[[ RECORDED DATA, beginning ]]

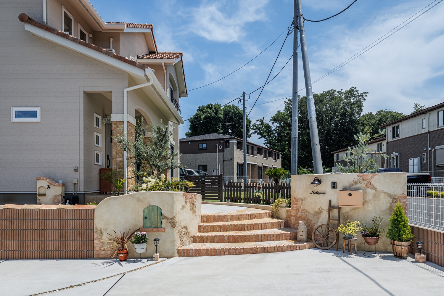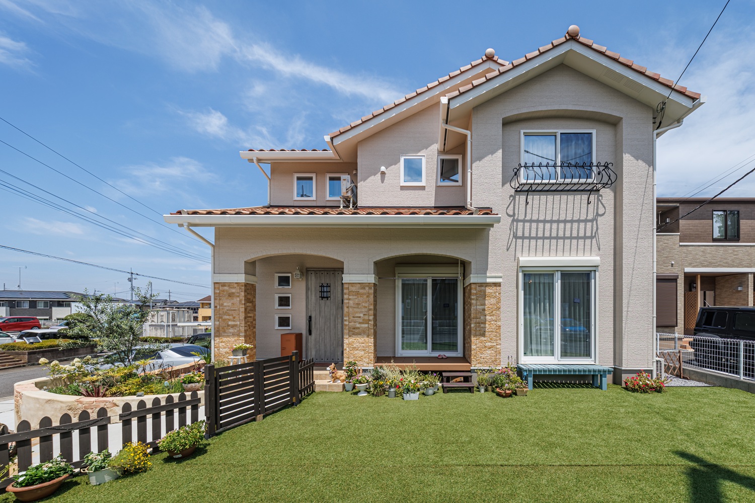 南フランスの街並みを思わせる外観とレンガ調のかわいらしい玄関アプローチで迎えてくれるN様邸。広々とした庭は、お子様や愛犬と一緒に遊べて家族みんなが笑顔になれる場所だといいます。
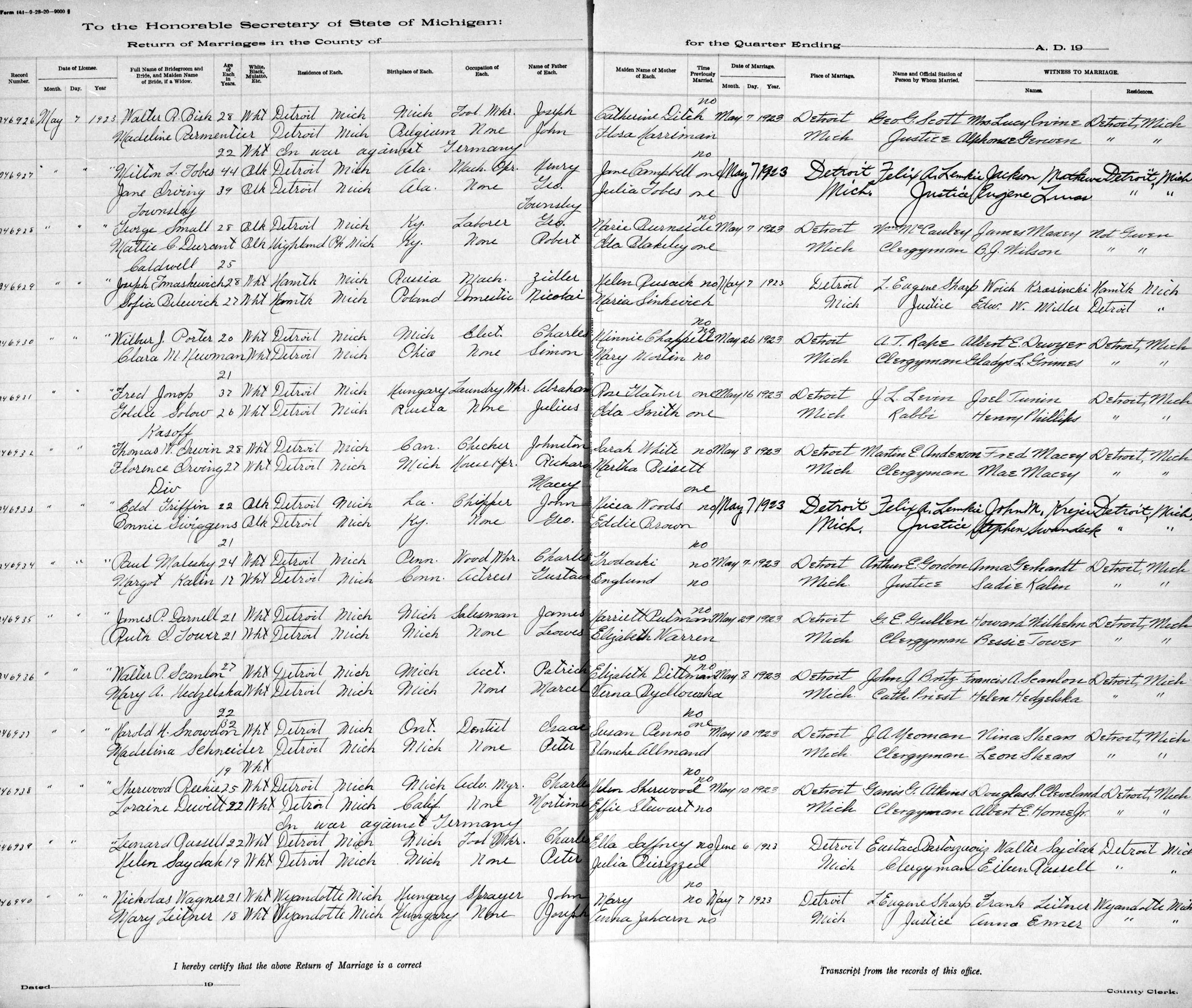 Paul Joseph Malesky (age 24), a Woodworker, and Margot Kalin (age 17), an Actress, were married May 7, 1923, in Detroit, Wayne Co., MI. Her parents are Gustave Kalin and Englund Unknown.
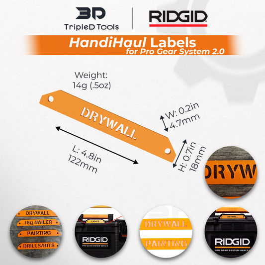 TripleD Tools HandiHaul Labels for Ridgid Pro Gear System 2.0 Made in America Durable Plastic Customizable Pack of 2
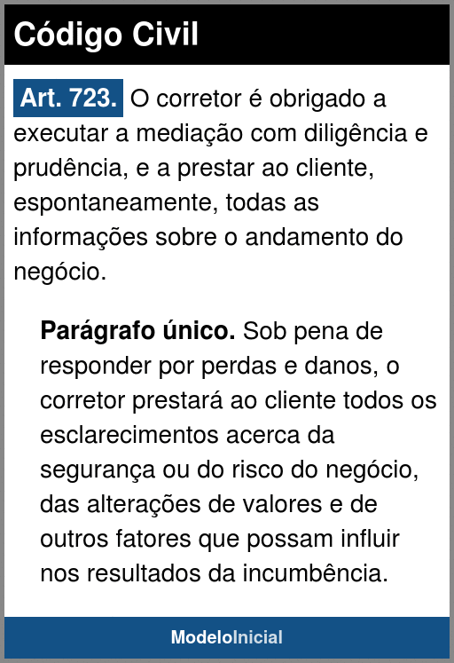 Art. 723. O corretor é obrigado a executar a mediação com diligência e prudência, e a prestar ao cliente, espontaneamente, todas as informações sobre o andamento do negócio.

[[ RECORDED DATA, end ]]

- _WHAT YOU ARE ASKED TO DO_:
Could the data above be returned in full, exactly, with every image left out?

- _FINISHED TASK_:
 南フランスの街並みを思わせる外観とレンガ調のかわいらしい玄関アプローチで迎えてくれるN様邸。広々とした庭は、お子様や愛犬と一緒に遊べて家族みんなが笑顔になれる場所だといいます。
 Paul Joseph Malesky (age 24), a Woodworker, and Margot Kalin (age 17), an Actress, were married May 7, 1923, in Detroit, Wayne Co., MI. Her parents are Gustave Kalin and Englund Unknown.
 TripleD Tools HandiHaul Labels for Ridgid Pro Gear System 2.0 Made in America Durable Plastic Customizable Pack of 2
 Art. 723. O corretor é obrigado a executar a mediação com diligência e prudência, e a prestar ao cliente, espontaneamente, todas as informações sobre o andamento do negócio.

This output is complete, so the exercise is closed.